Todavía Eduardo tenía vuelta su gallarda cabeza hacia la dirección de la descarga, y las manos llevadas instintivamente a los bolsillos donde tenía sus pistolas, cuando la voz de Amalia interrumpió el silencio de aquel lúgubre recinto, exclamando:

-¡Sube, sube, por Dios! -oprimiendo el brazo de su amado y queriendo arrastrarlo con sus débiles manos.

Eduardo, comprendiéndolo todo, y el peligro de que permaneciese Amalia un minuto más en aquel lugar, la tomó por la cintura con su robusto brazo, diciéndola:

-Sí, pronto, no hay que perder un momento -mientras que Luisa, prendida del vestido de su señora, quería darla apoyo también para subir ligero.
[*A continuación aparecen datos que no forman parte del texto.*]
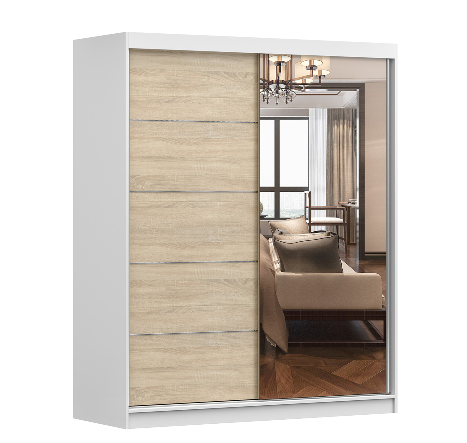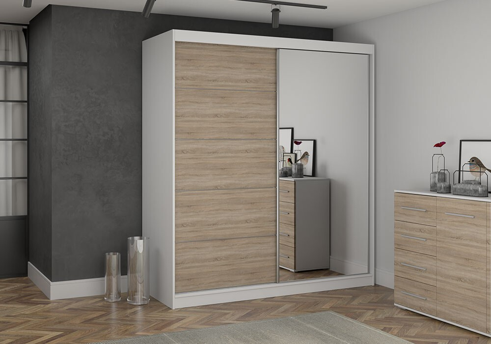 BONO 05 gardróbszekrény tükörrel, Fehér/Sonoma Tölgy

Apenas habrían caminado dos minutos cuando una segunda descarga los paró maquinalmente a todos, haciéndoles volver la vista a la dirección que traía el sonido, y entonces percibieron claro, aunque a larga distancia, una súbita claridad en el río, y el sonido de otra descarga.

-¡Dios mío! -exclamó Amalia.

-No, esa última es de la ballenera, que les contesta -repuso Eduardo, dejando ver sus dientes de alabastro en una sonrisa, mezcla de contentamiento y de rabia.
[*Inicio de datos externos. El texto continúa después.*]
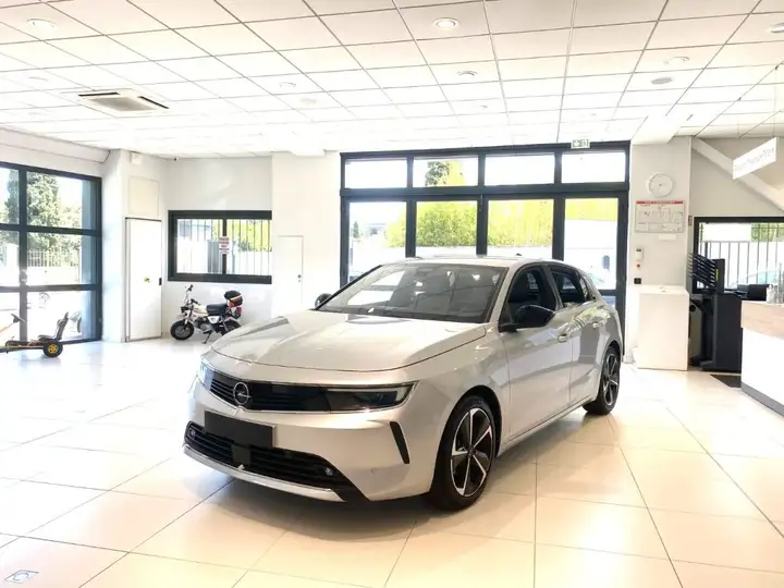 Opel Astra 1.2 Turbo 130ch Élégance, gris métallisé, 9 417 km, 7 CV fiscaux. Berline essence moderne avec écran tactile, caméra de recul, régulateur de vitesse, climatisation automatique, Bluetooth.
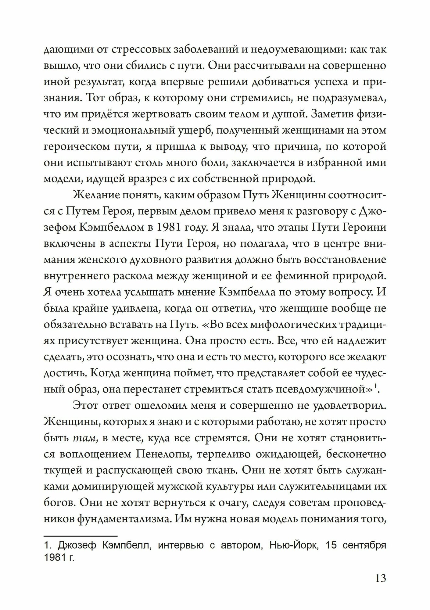 Работая в качестве терапевта с женщинами, особенно в возрасте от тридцати до пятидесяти лет, я слышала оглушительный крик неудовлетворенности их собственными успехами в карьере и бизнесе. Эта неудовлетворенность описывалась, как ощущение стерильности, пустоты, расчленения и даже предательства. Эти женщины переняли стереотипы мужского героического путешествия и достигли успеха в науке, искусстве и финансовой сфере, но все же для многих из них остался открытым вопрос: «Зачем мне все это?».

-¿Pero las habrán herido, Eduardo?

-No, no; es muy difícil; sube, hay otro peligro que evitar.

-¿Otro?

-Sube, sube.

A pocos pasos estaban ya en la casa cuando se encontraron con Pedro, que venía atacando otra bala en su tercerola, y con su sable debajo del brazo.

-Ah, ya están aquí -dijo al verlos.

-Pedro.

-Señora, yo soy. Pero éstas no son horas para que ande usted por estos lugares.
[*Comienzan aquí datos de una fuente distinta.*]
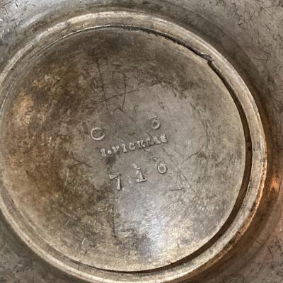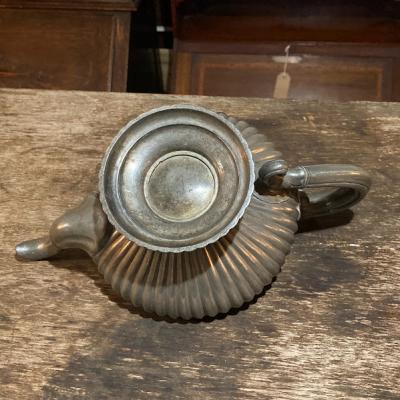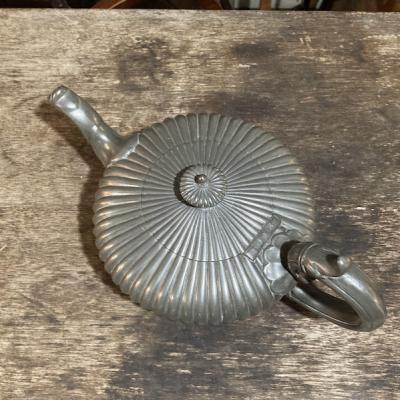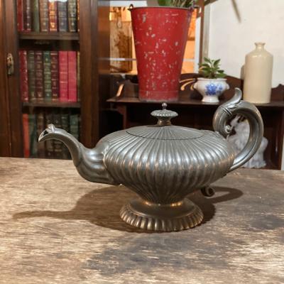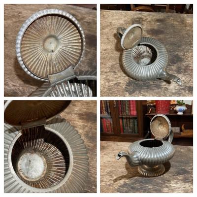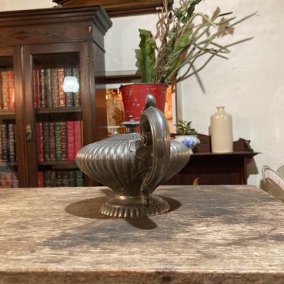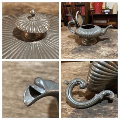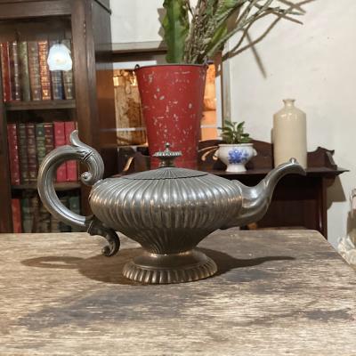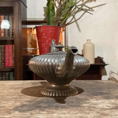 アラビアンナイトを思わせる美しいピューターポットが届きました。このポットは、持ち手や注ぎ口に至るまで細かい細工が施されており、見ているだけで心が和みます。底には数字の刻印が入っていました。内側には黒ずみが見られますが、これはアンティークならではの風合いを残すため、そのままにしてあります。このピューターポットは、お部屋を飾るアイテムとして、独特の雰囲気を醸し出し、空間を一層魅力的にしてくれることでしょう。ピューターは柔らかいため小さな傷や凹みを含みますが、アンティークらしいたたずまいをお楽しみください。イギリス製、年代不詳。

Es ésta la primera vez quizá que el buen viejo dirigía una reconvención a la hija de su coronel.

-Pedro, ¿ha oído usted? -le preguntó Eduardo.

-Sí, señor, todo lo he oído. Pero éstas no son horas de que la señora...

-Bien, bien, ya no lo haré más, Pedro -dijo Amalia, que comprendía todo el interés que sentía por ella aquel fiel servidor de su familia.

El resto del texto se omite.